• [To do] Every line of the data below should be repeated exactly, and no picture should be copied.

• [Data provided]

>>>

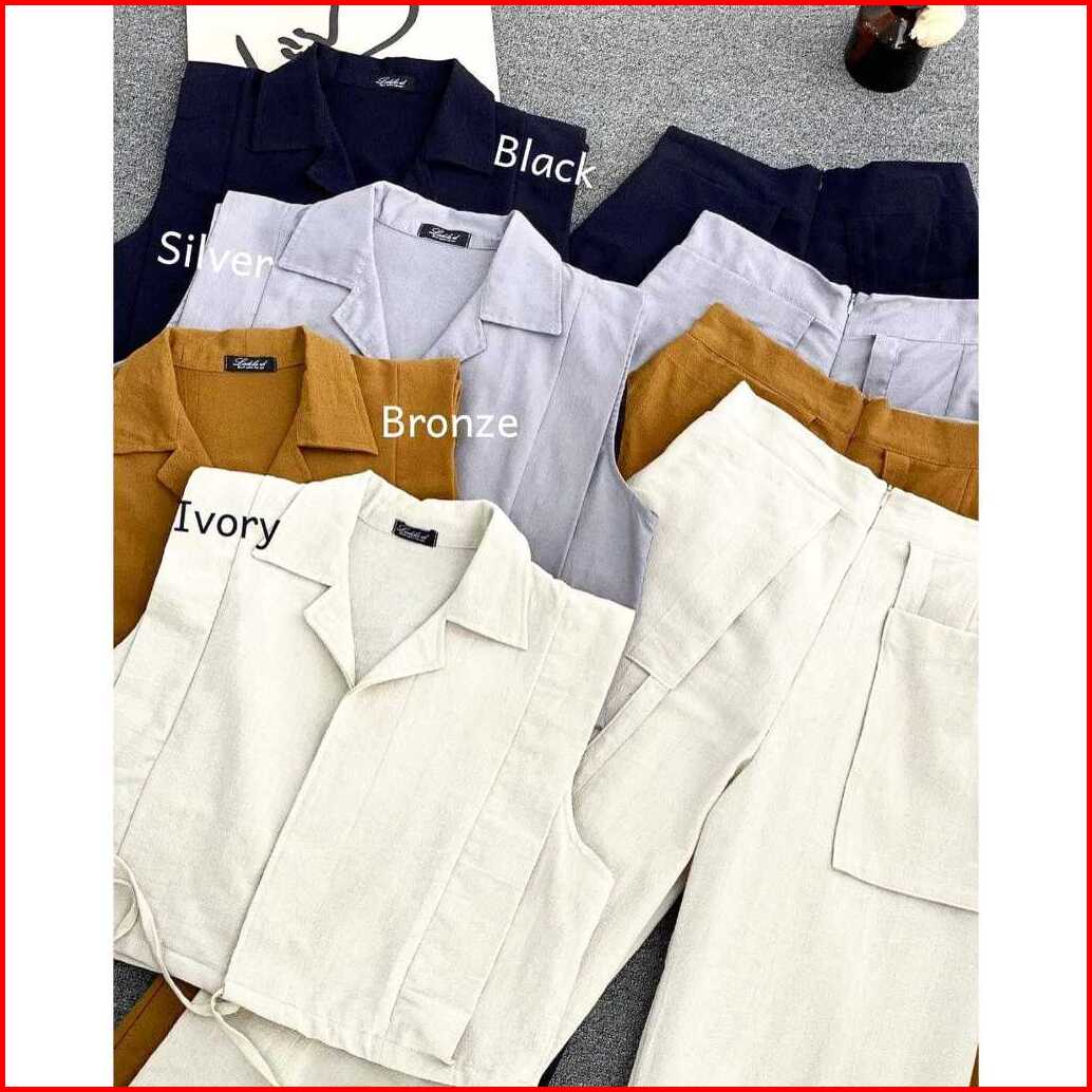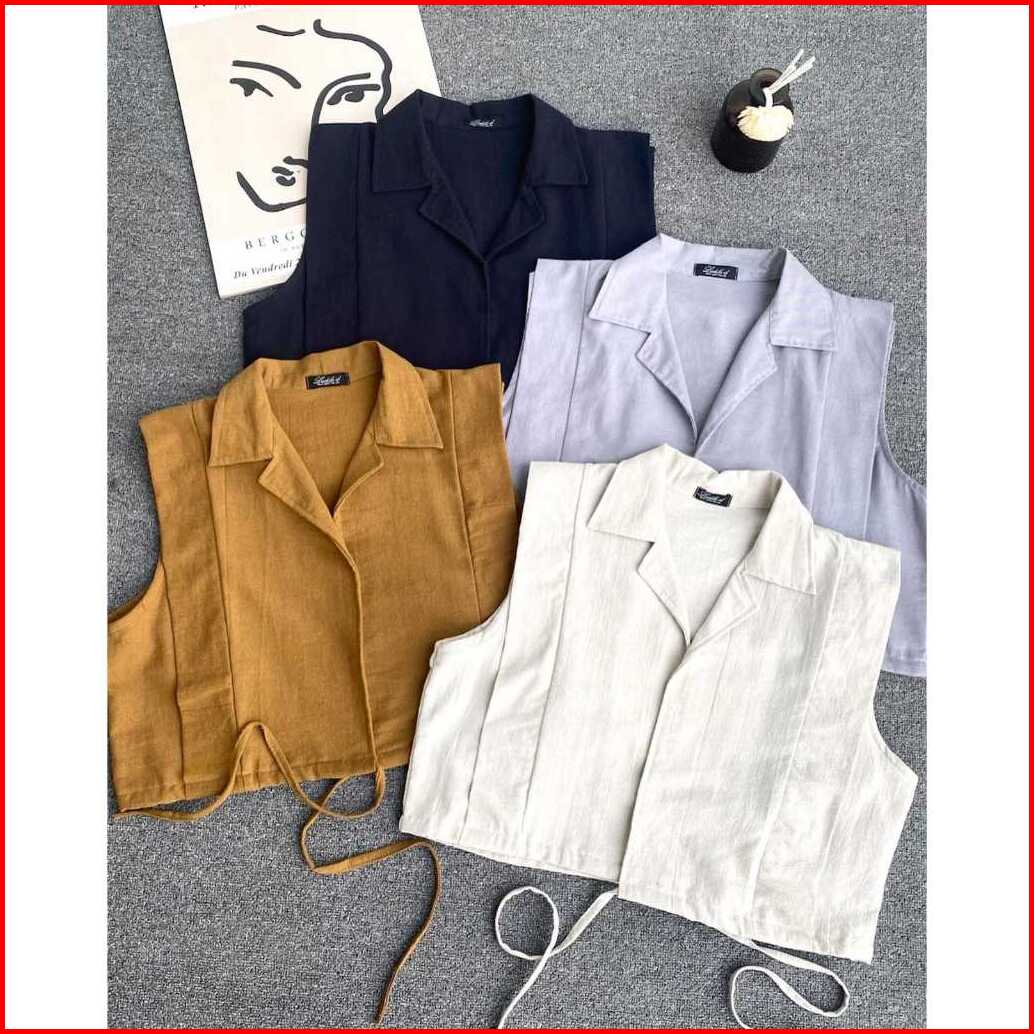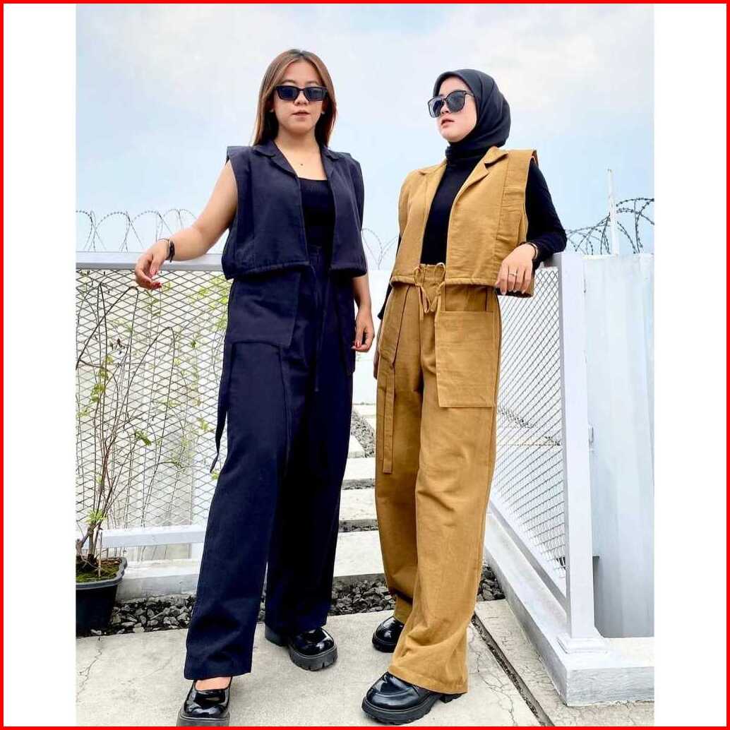 Doshe Oneset Vest Pants Korean Style Setelan Wanita Terbaru Linen Angel
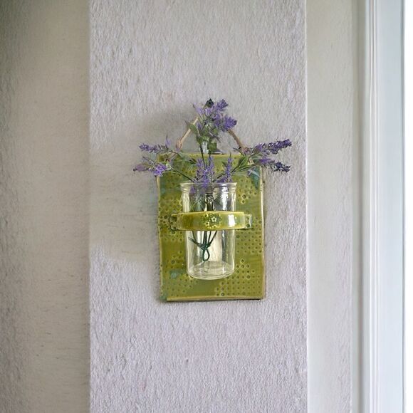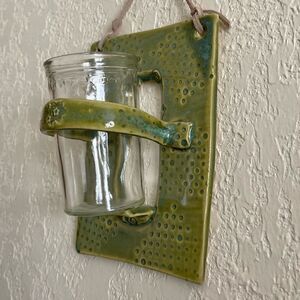 Handcrafted Pottery Glazed Green Wall Sconce with Vintage Star Rim Jelly Jar
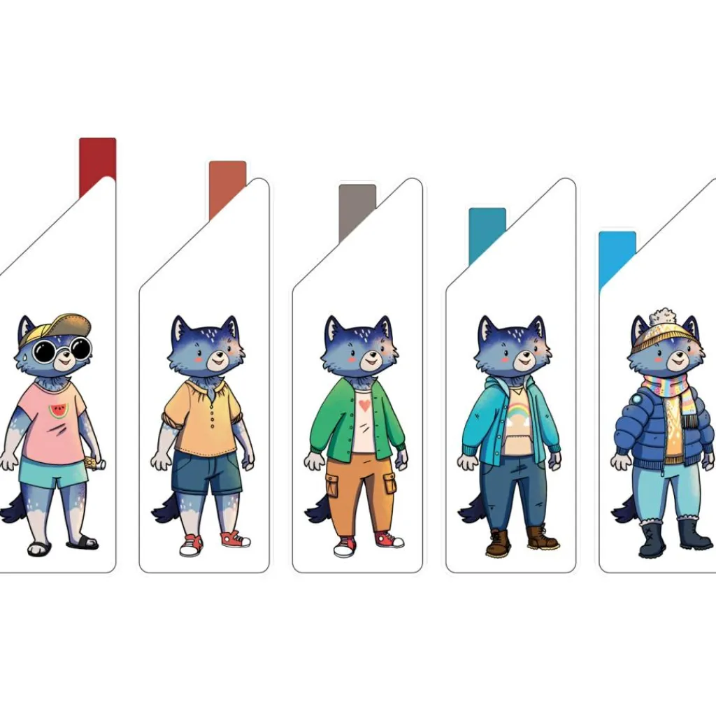 – 5 plaquettes représentant les différentes tenues recommandées en fonction de la météo.
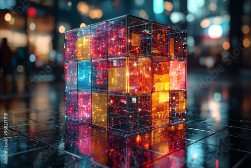 Wall mural a three-dimensional cube with each face labeled and colored differently, illustrating the properties
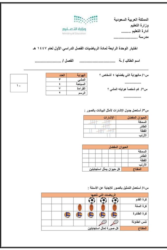 • نموذج امتحان رياضه شامل يغطي جميع مفاهيم الوحدة الرابعة في الرياضيات.
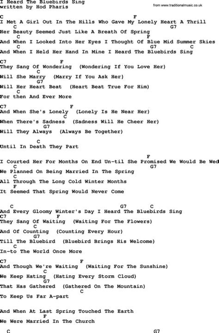 Get lyrics of I heard the bluebirds sing d chords song you love. List contains I heard the bluebirds sing d chords song lyrics of older one songs and hot new releases. Get known every word of your favorite song or start your own karaoke party tonight :-).

<<<

• [Problem solution]
 Doshe Oneset Vest Pants Korean Style Setelan Wanita Terbaru Linen Angel
 Handcrafted Pottery Glazed Green Wall Sconce with Vintage Star Rim Jelly Jar
 – 5 plaquettes représentant les différentes tenues recommandées en fonction de la météo.
 Wall mural a three-dimensional cube with each face labeled and colored differently, illustrating the properties
 • نموذج امتحان رياضه شامل يغطي جميع مفاهيم الوحدة الرابعة في الرياضيات.
 Get lyrics of I heard the bluebirds sing d chords song you love. List contains I heard the bluebirds sing d chords song lyrics of older one songs and hot new releases. Get known every word of your favorite song or start your own karaoke party tonight :-).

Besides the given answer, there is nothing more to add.